Consider that we have an experiment where we think that two factors, X1 and X2, are likely to be important and to have a real effect on our dependent variable (Y). We have a quite large sample size and obtain :
Suppose : b1 = 0.5 ± 0.05 => tcalc = 0.5/0.05 = 10
and b2 = 0.4 ± 0.02 => tcalc = 0.4/0.02 = 20
These are both statistically significant, we retain them in the model, there is no problem.
However, if a smaller sample size had been used the standard errors we would likely have obtained would have been proportionately larger, by a factor of the square root of n (since the sampling variance would be n times larger). So if we had a sample size only 1/4 as large, then the sampling variance would be 4 times as large and the standard errors would be twice as large. N.B. This comes from basic, introductory statistics; sampling variances are inversely proportional to the sample size.
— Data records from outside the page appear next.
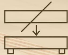
Image: Visual guide recommending a 6-inch thick mattress for the upper bed and an 8-inch thick mattress for the bottom bed. It also states that mattresses are not included.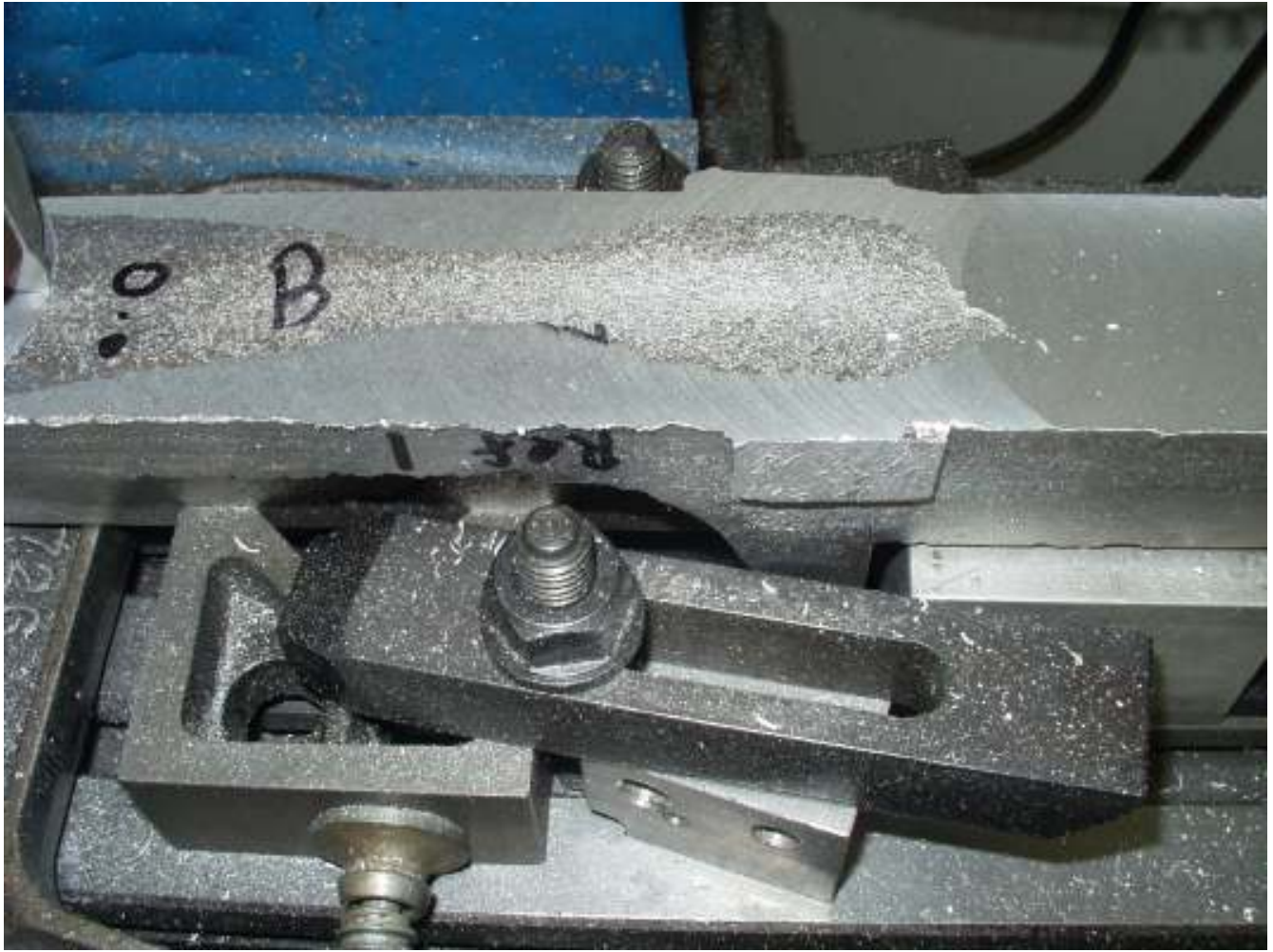
On the second 25 thou deep cut you can still see signs of shrinkage.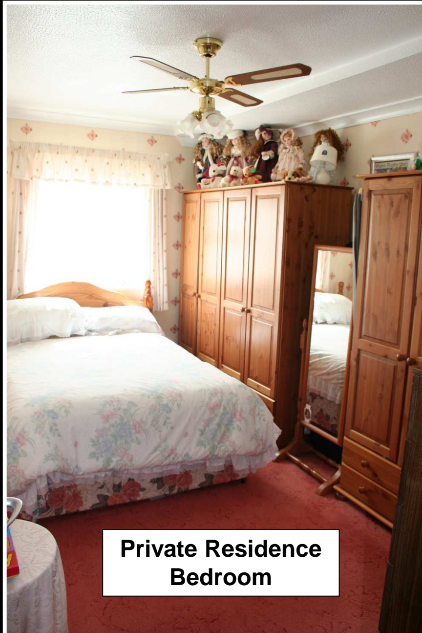
Private Residence Bedroom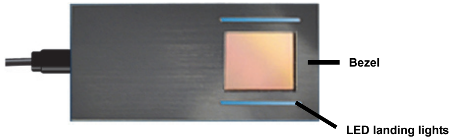
Figure 2 Landing lights and bezel on the Nomad 30 Pocket Reader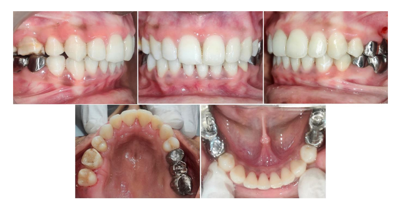
FIGURE 8: Post treatment intra oral photographs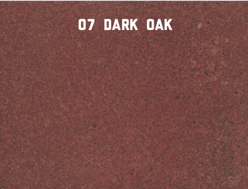
07 DARK OAK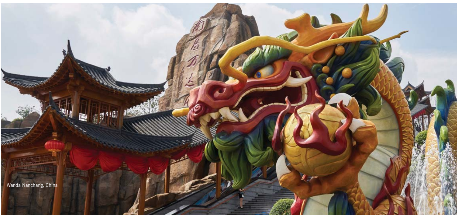
Wanda Nanchang, China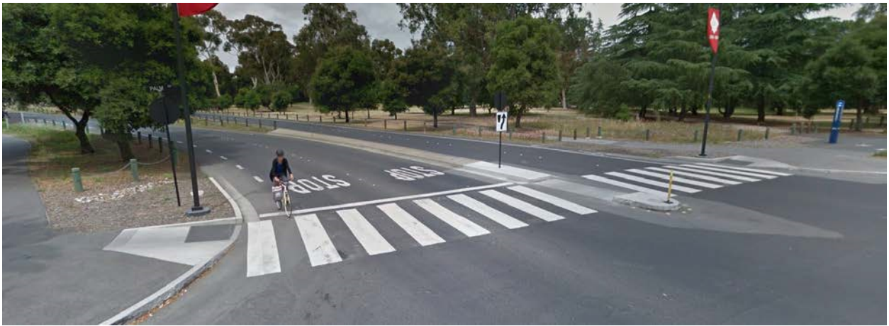
Median refuge island on Stanford Campus

Q. Did the City conduct a public outreach process for this project?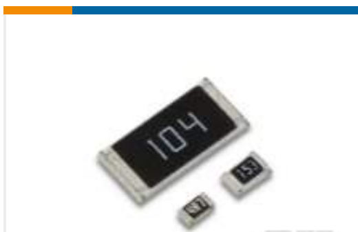
TE Part #4-2176345-1 CRGCO 1210 22K 1%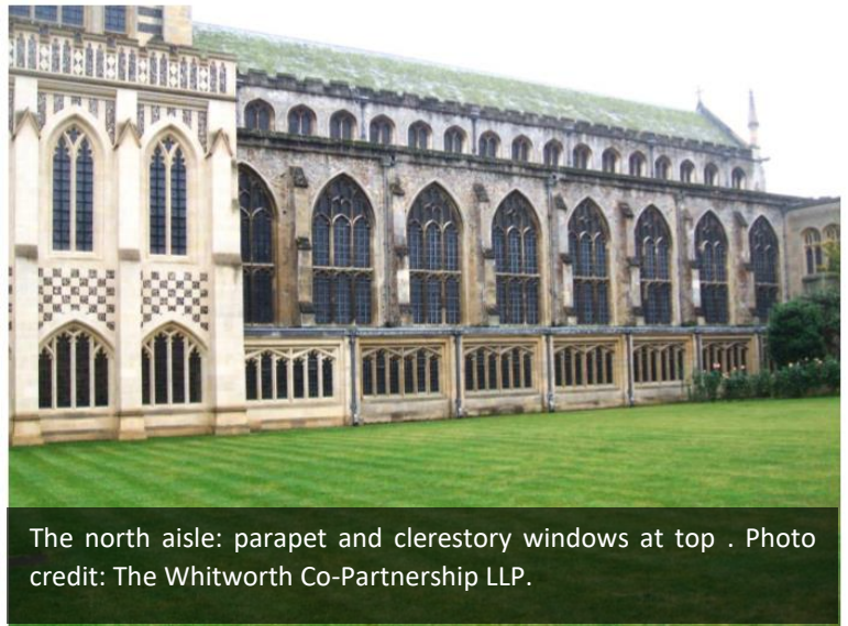
The north aisle: parapet and clerestory windows at top .

In 2013 the cathedral had repaired its mediaeval south aisle roof, but was unable to afford to address a similar situation on the north side. The 2011 Quinquennial Inspection had highlighted the advanced state of structural deterioration in the north aisle roof and of the clerestory windows, together with a number of areas needing urgent stonework repairs. Leaks, especially in the heavy downpours which were increasingly occurring, continued to be a problem, and temporary repairs did not offer an adequate long term solution. It was clear that the north aisle roof needed to be re-leaded, and extensive works were required to the clerestory, at a cost in excess of £500,000.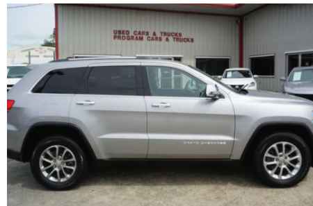
14 Jeep Grand Cherokee Limited #9J0141A.....$18,997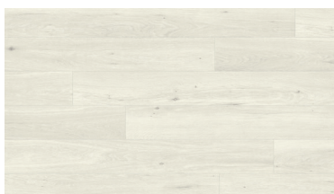
Light Grey Oak

Clix XL radiates elegance and quality, backed by a 10-year waterproof surface warranty. Its extra-long, wide panels beautifully enhance spacious rooms, while the 4-sided pressed bevel adds a touch of genuine craftsmanship. Delicate colour variations between planks create a stunningly natural look.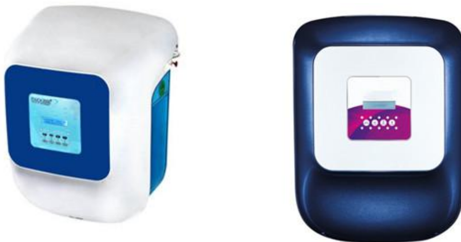
Graphic LCD for water purifier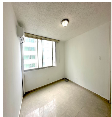
SEE THIS PROPERTY IN MAP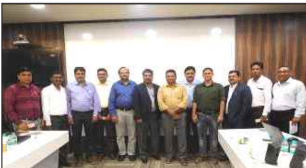
Best group Awarded with token of Appreciation

After visiting sites, group coordinators presented on the best practices observed & areas for improvement. All the high-risk observations were attended on priority & closed within stipulated time frame. Value added observations were appreciated and the best three groups were rewarded.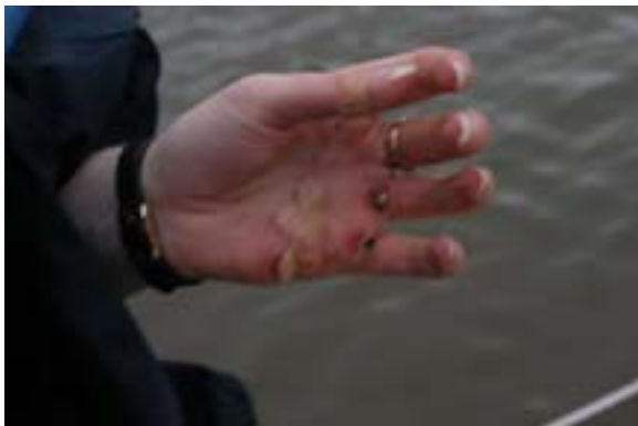
Blood blisters and very raw blisters on a certain member's hand after the Saltwater Classic. Ouch! – and a hint – she wasn't the cox!

It is worth noting that although the crews rowed a total of 9km (to the start and back), the captain and the coach both rode more than twice that distance over some very hilly terrain trying to follow the crews.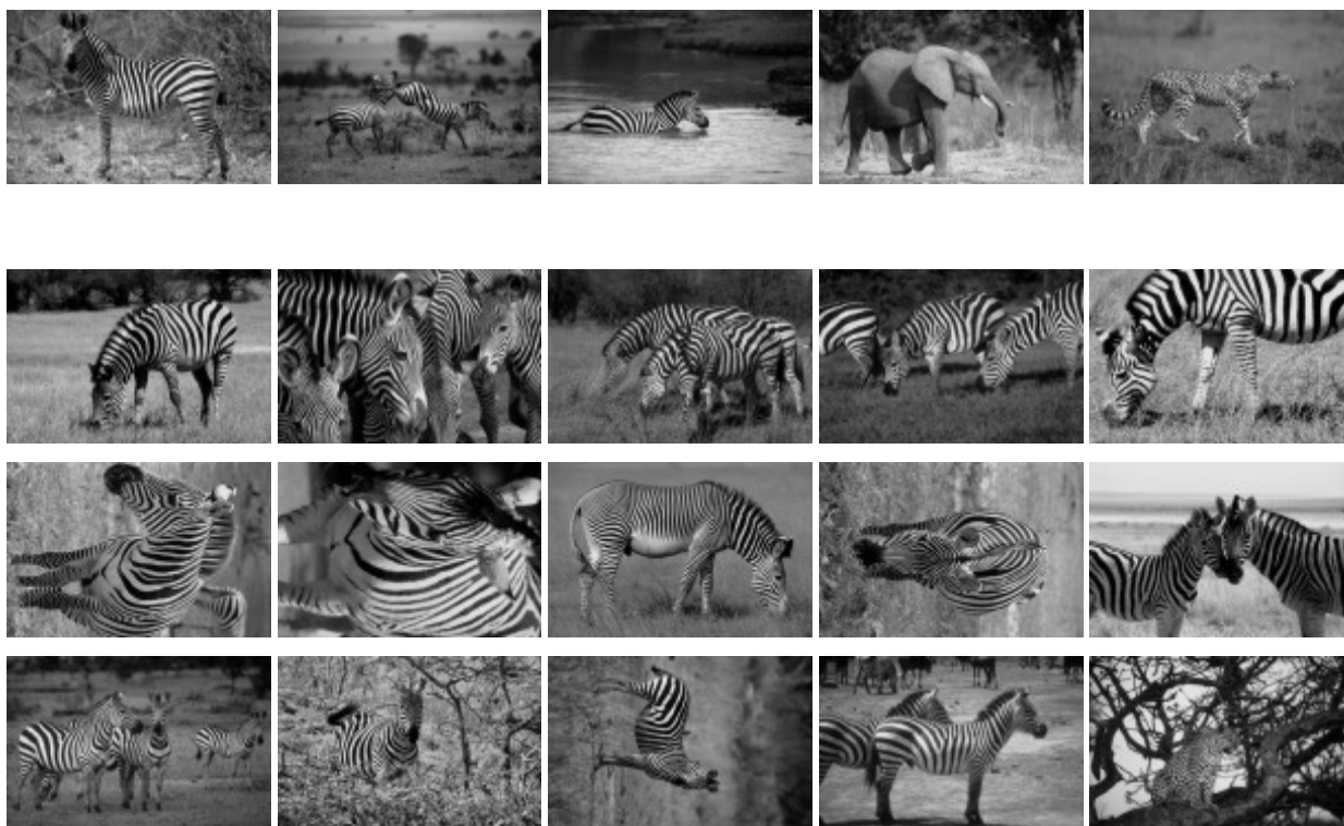
Figure 4: Retrieval results. The top row shows a subset of the training images (3 positive and 2 negative examples). The other rows show the first 15 retrieved images ordered by their score (from left to right and from top to bottom).

“texture-like” visual structure ; our learning algorithm is unsupervised and therefore does not require manual extraction of objects or features. It allows to learn an appropriate representation of the model. We are currently investigating five extensions. The first is to add scale selection to the model construction. The second is to learn which components of our multi-valued descriptors are significant. The third is to improve the clustering algorithm and to automatically select the number of clusters. The fourth is to include global constraints, for example by modelling relations between parts. The fifth extension is to improve the model over time by user interaction.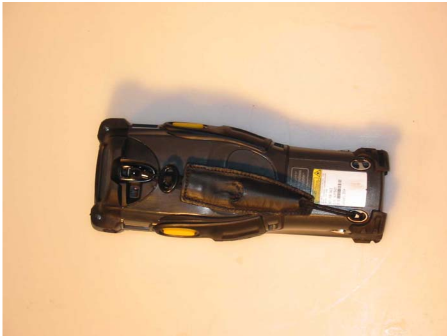
Figure 3 – MC9063 (Back)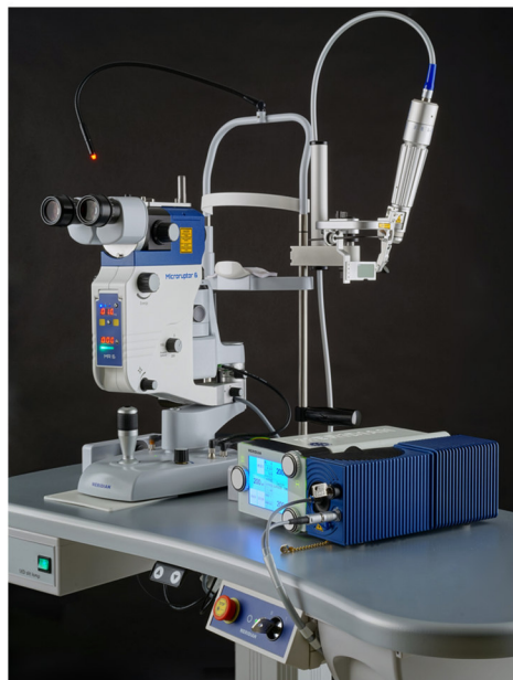
The Merilas 532 \alpha in combination with the MICRORUPTOR 6 makes a combination unit with the most ergonomical Nd:YAG laser available.

Available upon enquiry, MERIDIAN is partner of HAAG-STREIT INTERNATIONAL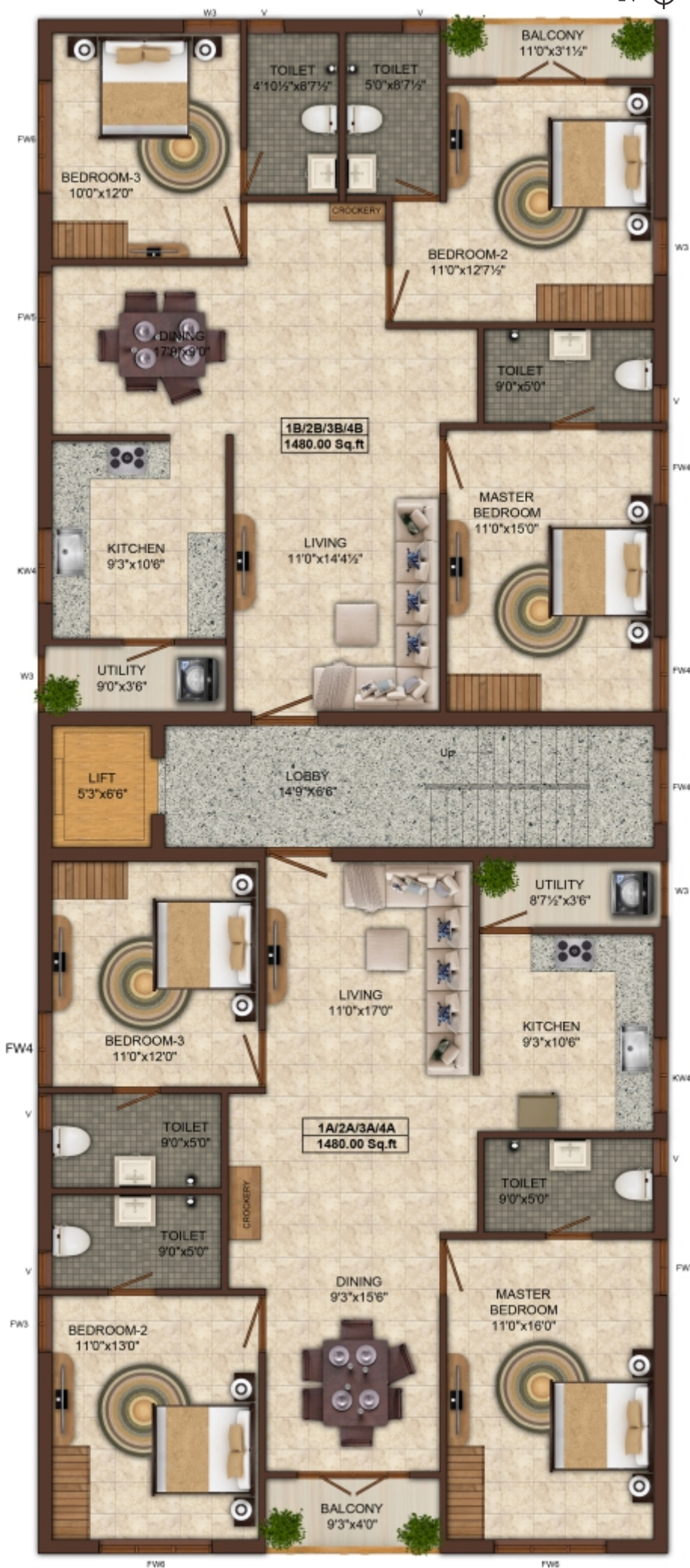
Typical Floor Plan - I, II, III, IV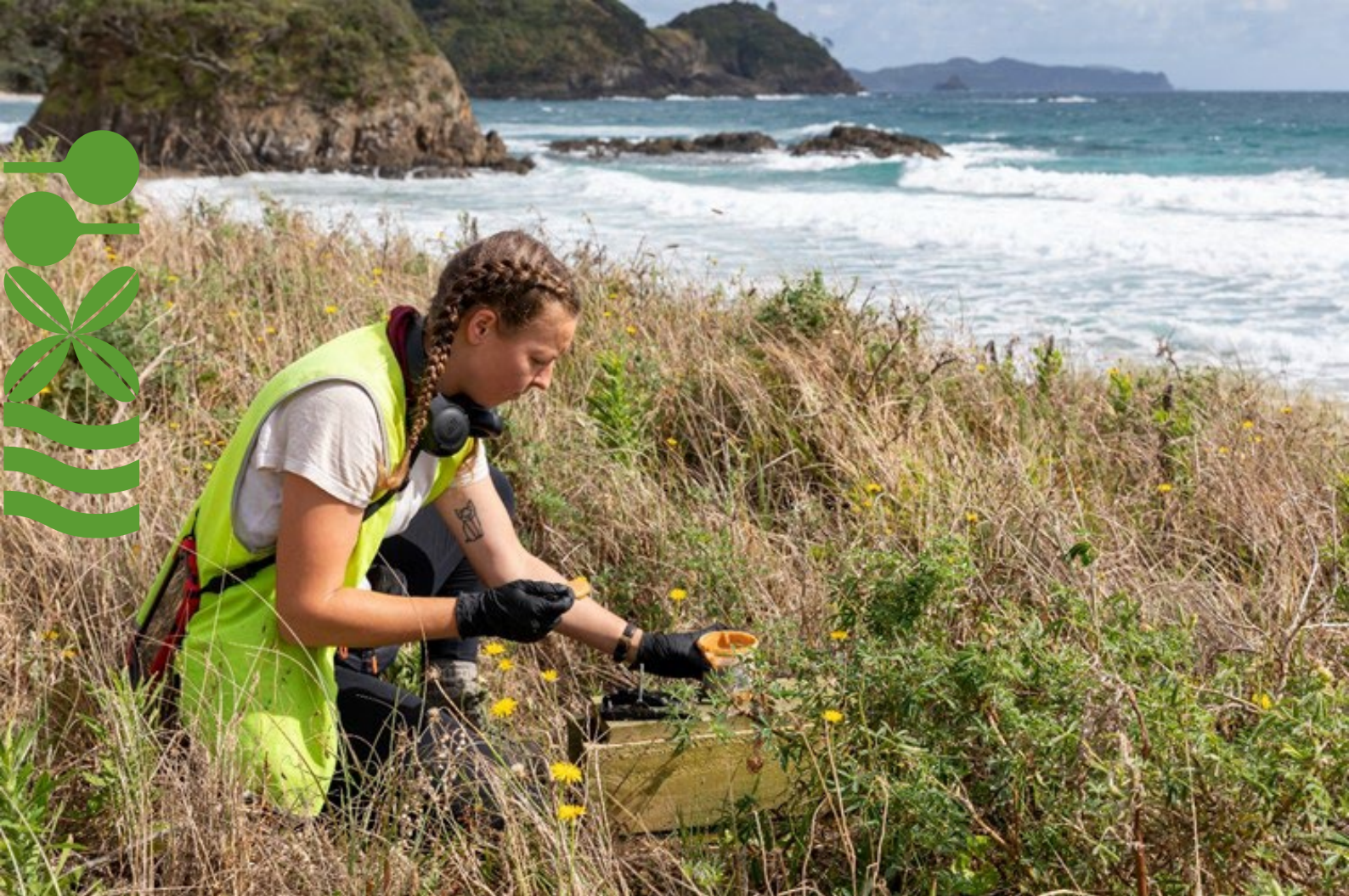
Pest control, Oruawharo / Medlands

Thus suppose that we had obtained:
b1 = 0.5 ± 0.1 => t = 0.5/0.1 = 5
and b2 = 0.4 ± 0.04 => t = 0.4/0.04 = 10
Now, if b1 is not statistically significant (because of the smaller sample size) and we accept Ho (that there is no effect of factor b1) we may seriously bias the other factors!
Even if we can accept Ho that does not prove that there is no relation. So if we have good reason to believe that X1 (b1) has an effect then we should be reticent to eliminate it.